Saturday, December 26, 2009

On the Five-Pointed Snowflake



There’s a fun letter in the latest issue of Nature from Thomas Koop at the University of Bielefeld pointing out how often snowflakes in festive decorations, greetings and wrapping paper are misdrawn with fewer or more than six points. Above is a particularly fine example that I discovered this year, in which some of my presents were (ironically) wrapped (available at Sainsbury’s, no doubt now at a reduced price). It never ceases to amaze me that designers have failed to assimilate this very basic fact about the six-pointed snowflake, though it’s been generally known for centuries. Indeed, the knowledge goes much further back than Kepler’s seventeenth-century treatise, as I pointed out here and in the ‘Branches’ volume of my recent trilogy Nature’s Patterns.

(I’m amused too to see that Nature’s marketing folk are still managing to embarrass the scientific staff. I could tell other tales, but it would be cruel.)

Yet these pentagonal snowflakes set me thinking. As is widely known, the only way ‘crystals’ can display growth habits with fivefold (or indeed eightfold) symmetry is if they are in fact quasicrystals. But could water form quasicrystals? Certainly, in the liquid state it is much more congenial for water molecules to form fivefold rings than the sixfold ones present in ice, because the bond angles are then much closer to that preferred in the tetrahedral coordination geometry. And these pentagonal rings are a general feature of the crystal structures of clathrate hydrates, in which water is frozen around nonpolar solutes such as methane. Now, I’m no crystallographer but I have the impression that it would be naïve to imagine that a local pentagonal packing symmetry is all it takes to make quasicrystallinity feasible. But on the other hand, it’s a good start; our current understanding of quasicrystals grew partly out of Charles Frank’s early work on icosahedral clustering in simple liquids. And large icosahedral structures for water have certainly been postulated. In fact, I’m very puzzled that I can seem to find no discussion in the literature of the possibility of quasicrystallinity in water – either I’m failing badly to understand something (quite possible) or I’m somehow looking in the wrong places (also possible). But I will ask my water structure gurus about this, and if anything comes of that, watch this space.

Incidentally, strict twelvefold symmetry is also forbidden in true crystals but known in quasicrystals. Yet a sort of pseudo-twelvefold symmetry has been seen in snowflakes, due to the coalescence of two snowflakes.

3 comments:

omnivorist said...

While you are in contact with your 'water structure gurus' (wish I had one of my own) I wonder whether you might also ask them if they have an answer to this other puzzler re snowflakes:

We are all familiar with the various portrayals of snow flake crystals - all showing 6-fold symmetry, but nevertheless exhibiting a rich variety of forms.
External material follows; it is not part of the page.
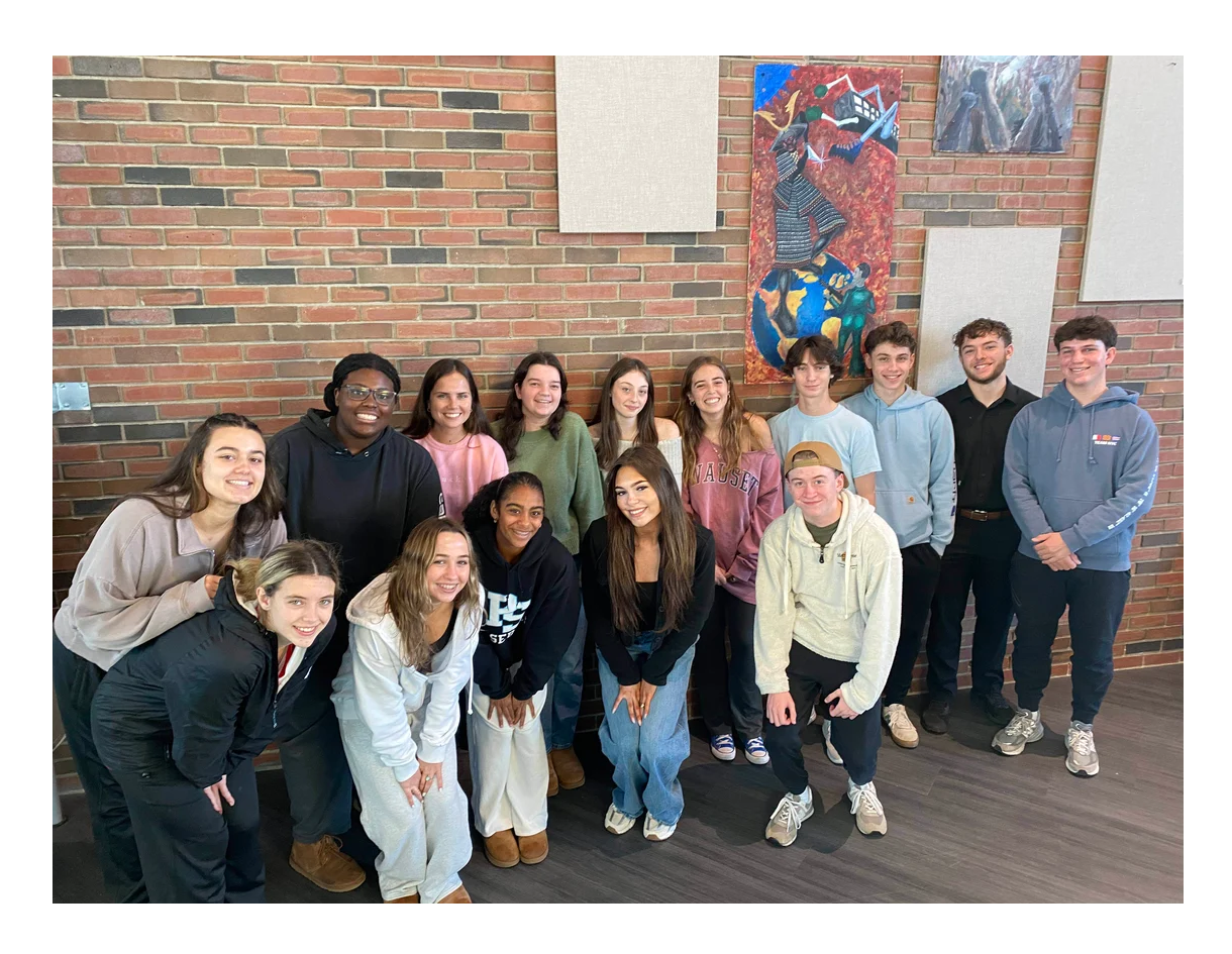
Barnstable Future Problem Solving senior competitors.

What intrigues me is why (it appears) the geometry of a single snowflake is consistent. To put it another way, there would seem to be no reason why a particular real snowflake shouldn't look like a collage or hybrid of the idealise patterns we see in books. Once the crystal has grown outwards beyond it's seed, it would seem reasonable to expect each of the arms to develop differently.

I can see that it might be the case that, in the seed itself and the initial crystal layers there is some sort of unique, yet symmetric shape that serves as a pattern for everything that follows. Nevertheless, given the seeming variety of forms, it is difficult to see how there is sufficient 'information space' in the starting crystal to encode all the different variants.

The only other hypothesis that seems plausible is that, at each stage of growth, there is some sort of delicate electrical field that is maintained consistently around all 6 axes and created by what has gone before, that determines the optimum sites for further attachment of water molecules.

To summarise: growth along each axis of the snowflake must follow some sort of pattern - different in different snowflakes but consistent in a single flake. Is this 'pattern' information communicated to the axes from the central seed or between the separate arms as they grow outwards.

It could be of course that truly symmetrical snowflakes only appear in books and that real snowflakes are hybrids as described. I've tried looking, of course, but it's not as easy as one might imagine (as I am sure you are aware).

Unknown said...

The five points -- as in pentagram -- was not a scientific gaff, but a totally intentional pagan/witch holiday design.

Kayemie Em said...

I have a picture in which some of the snowflakes are 5 sided!